Dem Beschwerdevorbringen lassen sich keine Gesichtspunkte entnehmen, die der Erörterung in einem Revisionsverfahren bedürften. Es liegt auf der Hand, daß sich aus der Gegenüberstellung der Absätze 3 und 4 des § 30 AuslG nichts für die von den Klägern vertretene Auffassung ergibt.
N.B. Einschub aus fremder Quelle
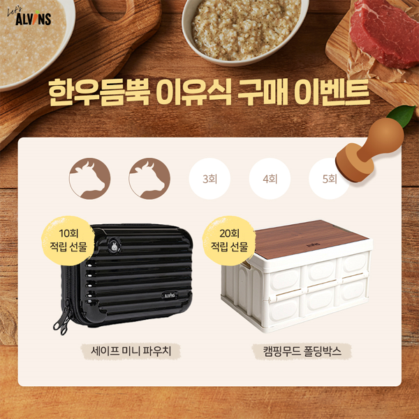 한우듬뿍 이유식 구매 이벤트는 엘빈즈 공식몰에서 한우듬뿍 이유식 세트 구매 시 참여가 가능하며, 스탬프 적립 달성 시 감성 캠핑용품을 받을 수 있다. 엘빈즈 감성 캠핑용품은 10회 스탬프 달성 시 작은 유아용품 보관이 가능한 하드케이스 세이프 미니 파우치를, 20회 적립 시 야외에서는 간단한 테이블로 실내에서는 수납박스로 사용 가능한 캠핑무드 폴딩박스를 받을 수 있다.

Inwiefern es mit der Menschenwürde unvereinbar sein könnte, daß Ausländer, die sich wie hier seit Jahren nicht darum bemühen, gegebene Möglichkeiten zur Ausreise wahrzunehmen, keinen Aufenthaltstitel für einen legalen Aufenthalt erhalten, macht die Beschwerdebegründung nicht entsprechend § 133 Abs. 3 Satz 3 VwGO ersichtlich. Etwaige Nachteile bei einer Ausreise, die sich für die Kläger infolge der Dauer ihres Aufenthalts im Bundesgebiet ergeben, sind darauf zurückzuführen, daß sie ihrer Obliegenheit, sich um die Beseitigung des Abschiebungshindernisses zu kümmern, nicht nachgekommen sind. Daß das Übereinkommen vom 28. September 1954 über die Rechtsstellung der Staatenlosen auch dann anwendbar ist, wenn der Staatenlose die Möglichkeit hat, seine frühere Staatsangehörigkeit wiederzuerlangen und so seine Staatenlosigkeit zu beseitigen (vgl. Urteil vom 16. Juli 1996, a.a.O., S. 299), ist für die hier in Rede stehende aufenthaltsrechtliche Beurteilung ohne Bedeutung. Das ist ebenfalls nicht klärungsbedürftig (Urteil vom 24. November 1998, a.a.O.).

13

3.

Die Kostenentscheidung beruht auf § 154 Abs. 2, § 159 VwGO.

Streitwertbeschluss:

Der Wert des Streitgegenstandes wird für das Beschwerdeverfahren auf 16 000 DM festgesetzt. Die Streitwertfestsetzung folgt aus § 13 Abs. 1 Satz 2 GKG in Verbindung mit einer entsprechenden Anwendung des § 5 ZPO.